Beginner
This beginner course provides the foundation we build on in the basic and advanced options courses. In this course you will learn all the fundamentals of stocks. This is important, because understanding options requires first understanding what these are.
At the end of this course you should:
- have an understanding of what stock is
- know how a stock trade is executed
- understand critical terminology used on this site and in other investment media
What Stock Is
When people start a business by incorporating, that is, forming a corporation, they have to specify how many shares of company the stock begins with. They issue these to the owners, called shareholders. This is true of both publicly traded companies and completely private companies. When a company decides to list its shares in public stock markets (also known as "going public") it chooses an exchange, like the New York Stock Exchange (NYSE) or Nasdaq. It finds banks to underwite the public offering. They help the company decide how many and what kind of shares to offer and prepare the prospectus, a document investors use to determine whether to buy in the intial offering. On the first day of the offering the company issues the shares to be traded on the exchange it chose, and the exchange is where it will be traded from then on. |
Stock is how a company divides its total value up, into units called shares.
We buy and sell these shares of a company’s stock on the public markets. Sometimes (often, actually) we shorten this and say we’re buying or selling shares of a company. The stock that is available to trade in a market is often referred to by its ticker symbol, e.g., “AAPL” for “Apple”. The same ticker symbol is used in options listings.
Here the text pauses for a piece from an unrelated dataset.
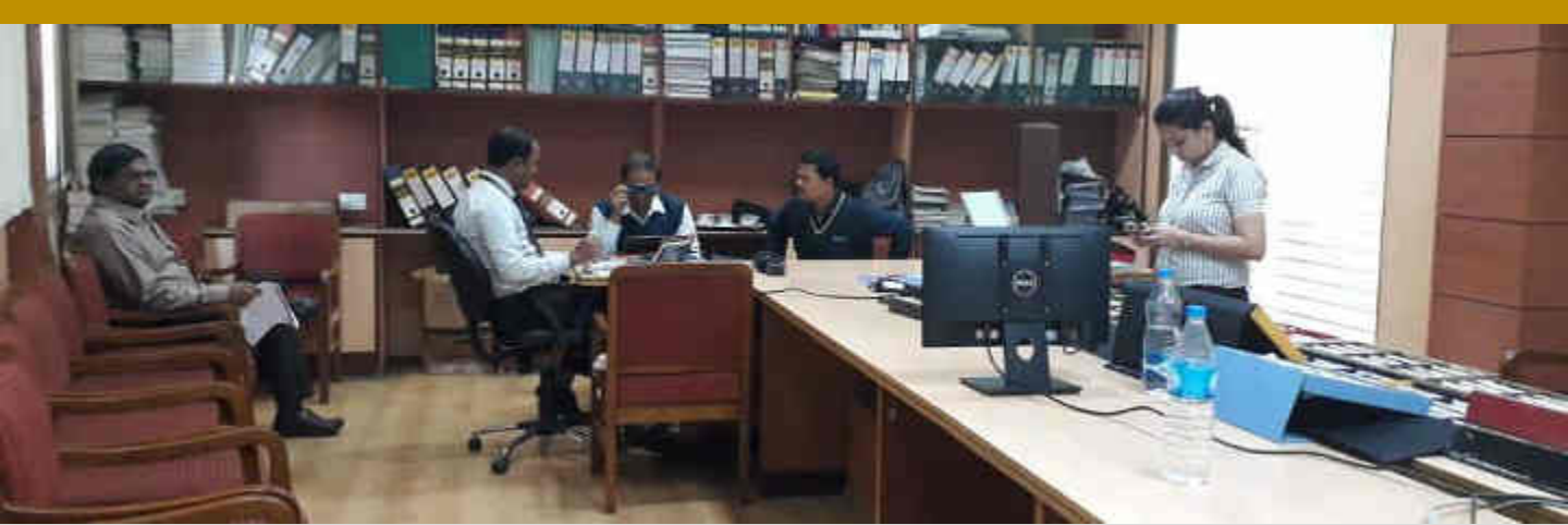
A Corporate Eye Screening Program (CESP) was organised in association with Lawrence & Mayo for employees in the Corporate Office at Kolkata on 11 th January 2019. The 10 step precision eye tests included case history, visual acuity test, objective refraction with auto refractor, subjective refraction, duochrome test, pupillary reaction test, muscle balance test, colour vision test, eye examination using slit lamp, counselling and management. The employees actively participated in this program.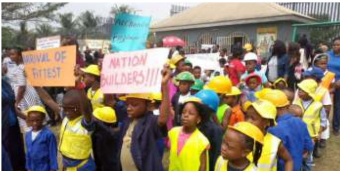
Pupils of St. Mary Dedication Education Centre, Benin City, Edo State during a sensitization programme held by the EFCC at the school's career day celebration.

These all mean the same thing:
- “I bought 10 shares of Apple”
- “I bought 10 shares of Apple stock”
- “I bought 10 shares of AAPL”
Long and Short
When you buy shares, you are long the stock. For example, if you buy 5 shares of TSLA (Tesla), you are “long Tesla”. This simply means you have bought the stock, presumably with an expectation that it will rise in value so you can later sell it for a profit.
Some brokers permit selling stock that you don’t actually own. They will find someone to lend you shares which you can sell. Doing this makes you short the stock. For example, if you borrow 5 shares of F (Ford) and sell them, you are “short Ford”. This is called a short sale.
A Word on Terminology
“The market” refers to a broad group of organizations and individuals that make and facilitate the trading of securities.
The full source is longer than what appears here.